1. Why is having a bank savings account scared?

Please don’t be one of those who still keep cash locked up in cupboards, under mattresses and so on. Its never too soon to have a savings bank account. There are many reasons for this. Firstly, money by itself is constantly losing value thanks to inflation. Hence, you must store money in a way that there is always some value addition. A savings bank account is possibly the safest way to do that. So far in India, all scheduled commercial banks have been able to protect the savings accounts for their customers. Distinguish this from co-operative banks which are not as regulated as the former.

For many of us, the first bank account is opened thanks to our first jobs, which is not a bad time to start thinking about this. However, there is nothing stopping you from opening one even sooner to deposit all those birthday money cheques, summer job cheques or simply your pocket money. Because the second reason for opening a bank account is getting into the habit of saving. By keeping money out of reach you will be able to resist the temptation to spend immediately. Moreover, when it comes to investing, it can happen through an automatic debit from your account. This is more a behavioural learning rather than a financial concept. But it is an important first step which should not be skipped or delayed.

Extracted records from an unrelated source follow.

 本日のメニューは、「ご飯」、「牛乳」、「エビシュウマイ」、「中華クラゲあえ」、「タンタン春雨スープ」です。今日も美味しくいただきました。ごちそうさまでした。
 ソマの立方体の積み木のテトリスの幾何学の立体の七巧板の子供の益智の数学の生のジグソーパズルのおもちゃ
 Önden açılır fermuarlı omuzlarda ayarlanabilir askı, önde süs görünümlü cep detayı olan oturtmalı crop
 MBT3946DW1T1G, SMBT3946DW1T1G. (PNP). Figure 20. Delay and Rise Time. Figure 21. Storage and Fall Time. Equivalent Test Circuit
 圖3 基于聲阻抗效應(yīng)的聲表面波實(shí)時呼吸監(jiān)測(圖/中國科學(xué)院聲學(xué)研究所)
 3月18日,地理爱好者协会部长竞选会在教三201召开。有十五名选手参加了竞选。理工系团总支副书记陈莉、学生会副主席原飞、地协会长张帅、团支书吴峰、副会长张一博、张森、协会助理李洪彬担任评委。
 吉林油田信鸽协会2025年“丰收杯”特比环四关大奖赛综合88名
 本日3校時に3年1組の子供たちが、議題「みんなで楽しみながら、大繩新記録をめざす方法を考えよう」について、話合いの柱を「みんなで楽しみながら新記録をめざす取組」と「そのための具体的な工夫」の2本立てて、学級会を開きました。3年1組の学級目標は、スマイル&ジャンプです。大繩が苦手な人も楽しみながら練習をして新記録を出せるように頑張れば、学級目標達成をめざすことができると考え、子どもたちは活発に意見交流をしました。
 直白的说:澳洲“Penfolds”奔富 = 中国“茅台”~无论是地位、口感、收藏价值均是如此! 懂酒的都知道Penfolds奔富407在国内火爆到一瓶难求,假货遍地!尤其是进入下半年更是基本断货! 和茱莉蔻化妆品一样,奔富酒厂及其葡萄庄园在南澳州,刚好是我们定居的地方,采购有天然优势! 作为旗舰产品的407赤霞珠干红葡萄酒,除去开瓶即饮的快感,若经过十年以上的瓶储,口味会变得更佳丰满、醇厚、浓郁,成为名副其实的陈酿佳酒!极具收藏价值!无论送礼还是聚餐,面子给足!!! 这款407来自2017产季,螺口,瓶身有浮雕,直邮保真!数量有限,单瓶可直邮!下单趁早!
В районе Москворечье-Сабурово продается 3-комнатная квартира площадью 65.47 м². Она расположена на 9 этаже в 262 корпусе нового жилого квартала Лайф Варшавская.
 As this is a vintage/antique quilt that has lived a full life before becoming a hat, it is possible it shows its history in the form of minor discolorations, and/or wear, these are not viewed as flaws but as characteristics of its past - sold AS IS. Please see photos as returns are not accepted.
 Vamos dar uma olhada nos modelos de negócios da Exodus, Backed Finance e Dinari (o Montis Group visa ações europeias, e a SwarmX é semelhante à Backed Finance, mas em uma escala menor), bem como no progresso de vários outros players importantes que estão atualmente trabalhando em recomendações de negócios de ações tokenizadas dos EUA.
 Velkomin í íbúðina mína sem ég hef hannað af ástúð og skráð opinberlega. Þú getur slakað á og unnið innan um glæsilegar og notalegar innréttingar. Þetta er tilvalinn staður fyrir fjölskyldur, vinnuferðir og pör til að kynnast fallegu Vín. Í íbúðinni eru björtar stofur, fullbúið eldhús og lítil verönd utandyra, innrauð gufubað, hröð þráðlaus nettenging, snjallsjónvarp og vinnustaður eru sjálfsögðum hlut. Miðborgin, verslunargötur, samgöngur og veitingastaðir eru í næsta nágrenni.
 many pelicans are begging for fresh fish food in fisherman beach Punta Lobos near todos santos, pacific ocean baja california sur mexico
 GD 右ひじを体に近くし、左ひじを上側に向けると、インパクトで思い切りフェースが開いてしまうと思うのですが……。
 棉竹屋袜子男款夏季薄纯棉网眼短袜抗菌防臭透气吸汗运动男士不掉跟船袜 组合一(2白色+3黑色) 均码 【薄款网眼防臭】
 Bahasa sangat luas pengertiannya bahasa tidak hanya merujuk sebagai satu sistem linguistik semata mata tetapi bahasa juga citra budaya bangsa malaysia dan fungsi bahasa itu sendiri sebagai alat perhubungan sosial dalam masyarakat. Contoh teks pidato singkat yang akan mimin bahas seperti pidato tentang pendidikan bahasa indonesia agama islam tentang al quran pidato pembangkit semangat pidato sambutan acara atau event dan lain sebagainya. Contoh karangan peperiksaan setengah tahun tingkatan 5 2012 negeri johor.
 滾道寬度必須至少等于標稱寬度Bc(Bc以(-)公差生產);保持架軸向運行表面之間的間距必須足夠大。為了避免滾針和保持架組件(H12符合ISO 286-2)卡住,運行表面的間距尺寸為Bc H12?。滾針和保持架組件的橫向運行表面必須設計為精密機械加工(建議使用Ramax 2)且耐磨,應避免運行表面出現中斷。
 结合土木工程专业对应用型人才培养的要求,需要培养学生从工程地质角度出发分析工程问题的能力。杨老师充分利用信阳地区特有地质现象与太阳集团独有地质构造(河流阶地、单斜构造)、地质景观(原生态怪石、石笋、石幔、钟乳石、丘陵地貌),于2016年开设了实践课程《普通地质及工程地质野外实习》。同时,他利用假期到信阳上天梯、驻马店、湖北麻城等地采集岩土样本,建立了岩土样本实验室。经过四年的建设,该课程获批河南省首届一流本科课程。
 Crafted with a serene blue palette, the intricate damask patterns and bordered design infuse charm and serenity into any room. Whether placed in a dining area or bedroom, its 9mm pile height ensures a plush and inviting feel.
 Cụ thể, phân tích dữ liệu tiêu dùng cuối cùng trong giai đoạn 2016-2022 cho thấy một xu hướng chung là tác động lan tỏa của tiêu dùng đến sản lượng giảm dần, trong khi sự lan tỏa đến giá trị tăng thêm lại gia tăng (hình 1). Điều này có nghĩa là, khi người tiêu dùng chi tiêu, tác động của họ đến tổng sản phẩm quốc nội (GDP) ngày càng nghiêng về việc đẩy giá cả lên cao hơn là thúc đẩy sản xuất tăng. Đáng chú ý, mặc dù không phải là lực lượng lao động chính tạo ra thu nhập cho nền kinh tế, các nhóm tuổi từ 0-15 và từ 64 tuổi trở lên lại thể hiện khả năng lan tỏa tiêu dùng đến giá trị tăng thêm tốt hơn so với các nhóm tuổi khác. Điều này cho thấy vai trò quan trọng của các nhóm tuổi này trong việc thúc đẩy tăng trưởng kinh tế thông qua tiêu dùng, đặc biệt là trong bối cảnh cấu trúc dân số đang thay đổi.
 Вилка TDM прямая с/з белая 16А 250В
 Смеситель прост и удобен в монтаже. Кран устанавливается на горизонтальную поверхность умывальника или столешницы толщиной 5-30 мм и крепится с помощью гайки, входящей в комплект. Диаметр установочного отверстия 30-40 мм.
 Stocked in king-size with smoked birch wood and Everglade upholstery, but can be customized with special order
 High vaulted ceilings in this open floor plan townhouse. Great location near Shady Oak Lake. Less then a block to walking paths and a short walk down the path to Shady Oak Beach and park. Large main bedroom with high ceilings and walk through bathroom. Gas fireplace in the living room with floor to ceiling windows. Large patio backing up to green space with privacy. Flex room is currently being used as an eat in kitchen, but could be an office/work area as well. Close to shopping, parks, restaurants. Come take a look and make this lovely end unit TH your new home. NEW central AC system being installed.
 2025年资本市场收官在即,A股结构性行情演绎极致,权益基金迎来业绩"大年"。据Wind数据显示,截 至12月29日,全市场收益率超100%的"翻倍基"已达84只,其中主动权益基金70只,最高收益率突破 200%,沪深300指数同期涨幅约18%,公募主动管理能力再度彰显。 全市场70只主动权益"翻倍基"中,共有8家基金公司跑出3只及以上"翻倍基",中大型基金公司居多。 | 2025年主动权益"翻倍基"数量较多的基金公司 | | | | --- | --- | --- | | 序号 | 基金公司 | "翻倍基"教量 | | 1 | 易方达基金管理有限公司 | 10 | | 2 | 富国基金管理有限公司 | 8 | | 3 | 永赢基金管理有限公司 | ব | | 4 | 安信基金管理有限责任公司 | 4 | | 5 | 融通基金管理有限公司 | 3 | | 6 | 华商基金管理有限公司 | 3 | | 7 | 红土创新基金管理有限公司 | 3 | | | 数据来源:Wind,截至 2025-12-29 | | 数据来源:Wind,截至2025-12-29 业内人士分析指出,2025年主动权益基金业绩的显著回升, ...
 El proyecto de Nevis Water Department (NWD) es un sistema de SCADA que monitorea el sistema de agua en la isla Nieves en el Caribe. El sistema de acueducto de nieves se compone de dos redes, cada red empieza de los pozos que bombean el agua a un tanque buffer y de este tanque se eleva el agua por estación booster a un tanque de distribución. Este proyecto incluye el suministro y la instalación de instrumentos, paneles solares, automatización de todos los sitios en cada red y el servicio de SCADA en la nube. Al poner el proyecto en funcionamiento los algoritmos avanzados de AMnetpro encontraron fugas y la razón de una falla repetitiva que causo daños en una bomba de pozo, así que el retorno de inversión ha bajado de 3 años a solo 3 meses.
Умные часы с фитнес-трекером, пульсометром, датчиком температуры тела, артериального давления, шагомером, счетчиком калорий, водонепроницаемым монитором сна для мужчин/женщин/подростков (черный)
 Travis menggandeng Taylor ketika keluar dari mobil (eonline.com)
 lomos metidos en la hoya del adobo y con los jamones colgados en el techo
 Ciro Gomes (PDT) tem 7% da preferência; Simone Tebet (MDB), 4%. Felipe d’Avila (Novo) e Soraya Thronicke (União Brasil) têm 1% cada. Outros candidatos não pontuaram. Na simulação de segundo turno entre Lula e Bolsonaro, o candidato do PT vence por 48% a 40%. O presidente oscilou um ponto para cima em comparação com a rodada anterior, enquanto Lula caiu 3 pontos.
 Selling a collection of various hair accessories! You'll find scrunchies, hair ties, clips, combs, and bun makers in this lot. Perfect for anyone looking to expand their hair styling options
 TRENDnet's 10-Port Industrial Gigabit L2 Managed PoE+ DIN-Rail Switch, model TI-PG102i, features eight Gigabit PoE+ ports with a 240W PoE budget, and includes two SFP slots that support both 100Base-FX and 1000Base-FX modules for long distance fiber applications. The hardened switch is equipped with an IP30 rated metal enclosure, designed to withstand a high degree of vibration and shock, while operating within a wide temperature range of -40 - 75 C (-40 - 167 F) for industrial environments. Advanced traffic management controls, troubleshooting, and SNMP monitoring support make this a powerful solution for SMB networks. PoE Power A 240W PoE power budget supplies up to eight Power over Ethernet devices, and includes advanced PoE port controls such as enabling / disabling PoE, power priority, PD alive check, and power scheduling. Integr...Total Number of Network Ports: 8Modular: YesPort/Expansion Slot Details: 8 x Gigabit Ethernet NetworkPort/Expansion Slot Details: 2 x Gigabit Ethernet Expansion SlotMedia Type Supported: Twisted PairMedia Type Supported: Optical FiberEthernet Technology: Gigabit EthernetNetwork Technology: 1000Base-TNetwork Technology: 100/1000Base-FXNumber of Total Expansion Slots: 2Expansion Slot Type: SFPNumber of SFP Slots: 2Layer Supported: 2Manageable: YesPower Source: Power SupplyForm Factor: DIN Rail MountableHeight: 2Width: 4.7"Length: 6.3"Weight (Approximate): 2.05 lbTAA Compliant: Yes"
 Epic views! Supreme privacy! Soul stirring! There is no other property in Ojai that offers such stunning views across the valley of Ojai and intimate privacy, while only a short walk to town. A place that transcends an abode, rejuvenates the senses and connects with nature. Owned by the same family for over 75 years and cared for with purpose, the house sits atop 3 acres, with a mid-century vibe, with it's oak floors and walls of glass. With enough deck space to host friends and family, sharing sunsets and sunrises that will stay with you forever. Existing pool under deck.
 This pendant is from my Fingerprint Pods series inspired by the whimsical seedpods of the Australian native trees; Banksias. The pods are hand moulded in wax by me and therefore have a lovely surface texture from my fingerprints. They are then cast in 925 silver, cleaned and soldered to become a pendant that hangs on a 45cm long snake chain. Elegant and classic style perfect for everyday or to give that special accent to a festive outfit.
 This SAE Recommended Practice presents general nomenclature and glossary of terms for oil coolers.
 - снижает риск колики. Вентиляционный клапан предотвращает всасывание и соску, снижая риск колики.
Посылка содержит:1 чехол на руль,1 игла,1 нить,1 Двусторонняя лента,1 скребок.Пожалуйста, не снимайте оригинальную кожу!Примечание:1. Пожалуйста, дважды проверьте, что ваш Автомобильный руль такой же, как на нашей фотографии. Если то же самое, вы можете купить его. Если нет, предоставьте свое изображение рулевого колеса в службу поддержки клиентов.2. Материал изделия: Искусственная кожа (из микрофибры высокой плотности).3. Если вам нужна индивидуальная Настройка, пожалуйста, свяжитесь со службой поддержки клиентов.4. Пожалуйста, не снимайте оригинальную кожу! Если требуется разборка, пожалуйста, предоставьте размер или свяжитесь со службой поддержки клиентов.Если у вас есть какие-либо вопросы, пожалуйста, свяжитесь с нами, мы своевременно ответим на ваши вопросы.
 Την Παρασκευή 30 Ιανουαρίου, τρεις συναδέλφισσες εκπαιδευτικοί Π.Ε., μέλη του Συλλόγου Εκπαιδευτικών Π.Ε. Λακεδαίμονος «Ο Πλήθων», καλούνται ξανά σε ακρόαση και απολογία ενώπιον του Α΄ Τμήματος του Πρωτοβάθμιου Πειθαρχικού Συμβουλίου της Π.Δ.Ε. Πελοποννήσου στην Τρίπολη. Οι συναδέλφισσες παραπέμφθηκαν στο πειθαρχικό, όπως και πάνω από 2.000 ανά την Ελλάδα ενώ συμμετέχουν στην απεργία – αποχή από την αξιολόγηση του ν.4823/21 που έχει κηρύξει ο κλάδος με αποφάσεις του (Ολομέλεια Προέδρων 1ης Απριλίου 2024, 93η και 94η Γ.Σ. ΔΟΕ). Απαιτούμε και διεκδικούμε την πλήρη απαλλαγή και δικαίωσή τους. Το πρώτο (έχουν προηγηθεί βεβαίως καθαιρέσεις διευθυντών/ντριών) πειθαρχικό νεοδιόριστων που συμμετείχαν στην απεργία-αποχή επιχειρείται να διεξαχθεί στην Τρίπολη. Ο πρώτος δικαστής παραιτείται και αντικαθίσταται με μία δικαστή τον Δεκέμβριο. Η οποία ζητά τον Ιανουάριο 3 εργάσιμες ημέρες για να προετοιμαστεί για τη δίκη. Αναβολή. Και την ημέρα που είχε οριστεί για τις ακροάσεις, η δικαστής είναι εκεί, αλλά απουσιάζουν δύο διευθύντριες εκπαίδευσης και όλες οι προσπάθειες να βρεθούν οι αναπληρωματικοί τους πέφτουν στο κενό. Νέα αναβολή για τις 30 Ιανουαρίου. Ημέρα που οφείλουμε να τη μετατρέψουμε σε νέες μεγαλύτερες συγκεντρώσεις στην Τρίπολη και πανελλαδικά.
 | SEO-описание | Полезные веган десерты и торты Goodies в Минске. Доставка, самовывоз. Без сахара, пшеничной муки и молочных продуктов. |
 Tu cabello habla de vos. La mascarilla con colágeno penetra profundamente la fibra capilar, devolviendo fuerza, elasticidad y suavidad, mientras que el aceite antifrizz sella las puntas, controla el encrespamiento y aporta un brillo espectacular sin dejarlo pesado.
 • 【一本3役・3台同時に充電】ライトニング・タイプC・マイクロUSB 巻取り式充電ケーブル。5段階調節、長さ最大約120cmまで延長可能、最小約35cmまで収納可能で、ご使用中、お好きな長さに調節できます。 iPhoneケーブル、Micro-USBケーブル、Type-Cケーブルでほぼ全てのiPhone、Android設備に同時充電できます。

If you keep moving jobs, chances are that your bank account might change. Try to migrate your original account itself to your new job, if that is not possible. Be sure to transfer out all your money and close the account and any mandates linked to it.

Now if you are a non-working member of a family, a home maker, you may feel there is no need to have a bank account because your spouse or parent (in case you are an adult) has one. You can’t be more wrong. While your bank account will need to be replenished by the earning member of your family, having one will build a saving discipline that is invaluable. Moreover, as mentioned earlier it will help your money earn an interest which can compensate for the loss of value (to an extent) thanks to inflation.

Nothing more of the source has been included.